If I had to pick an ideal length of time between our “dates” with Mike and Don I’d be hard pressed to come up with an answer. Daily would be too often because then it would feel like I’m not married to Dee myself, but sometimes even once a week doesn’t seem often enough especially when I'm climbing the walls to suck some cock. It all depends on mood in the end, I suppose. If we’re both feeling good without extra aches and pains and worries there doesn’t seem to be a feeling of too often when we see the guys. When life throws us a steady series of curves, though, sometimes even that week sneaks up awfully fast and though both of the guys totally understand if we need to postpone a date, we hate to do it.

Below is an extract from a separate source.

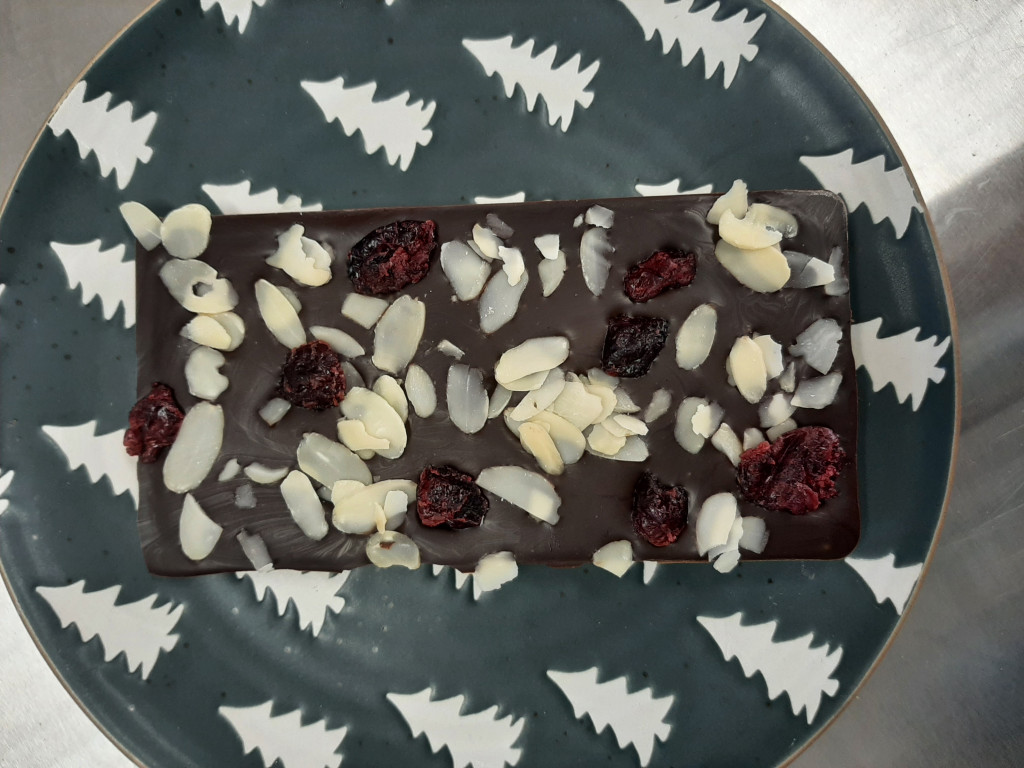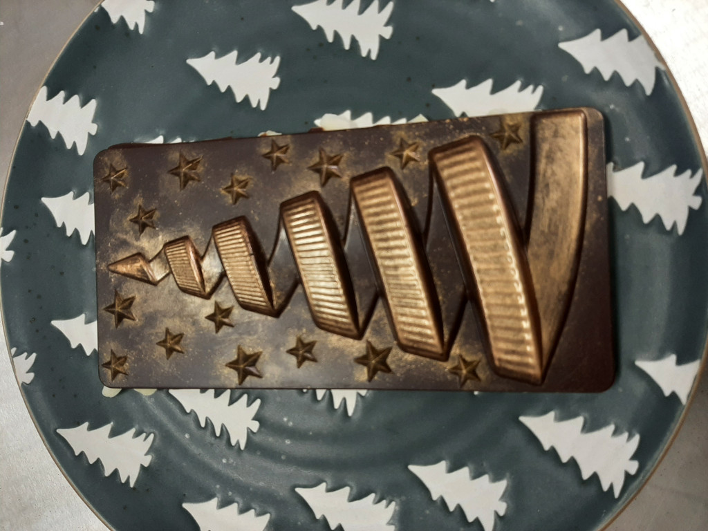 Bronz karácsonyfa 125 grammos táblás 54,5%-os. Kézműves, bronzporral díszített étcsokoládé. Kellemes, nem keserű,étcsokoládé. A hátulja aszalt áfonyával és mandulával van szorva.

No matter how long I pen this blog there are elements of sharing Dee that I’ll never adequately express in my words. Hell, for most of you I’ve probably not even gotten beyond convincing you that I’m not completely off my rocker for doing it in the first place. There is something, though, so alive in me, so vibrant when I’m watching my dear wife make love with her heart and soul and body to one of her lovers - something that is in essence ineffable. I know that Dee herself as well as Mike and Don feel it too, though they can no better form it into sentences than I can. At this point in my life I can’t imagine being without a regular hit of that inexpressible feeling. It’s like an addictive drug, and when I get my fix all’s good and right with the world.
Crazy, eh? Remember... I never claimed to be normal. I don't think I'd want to be.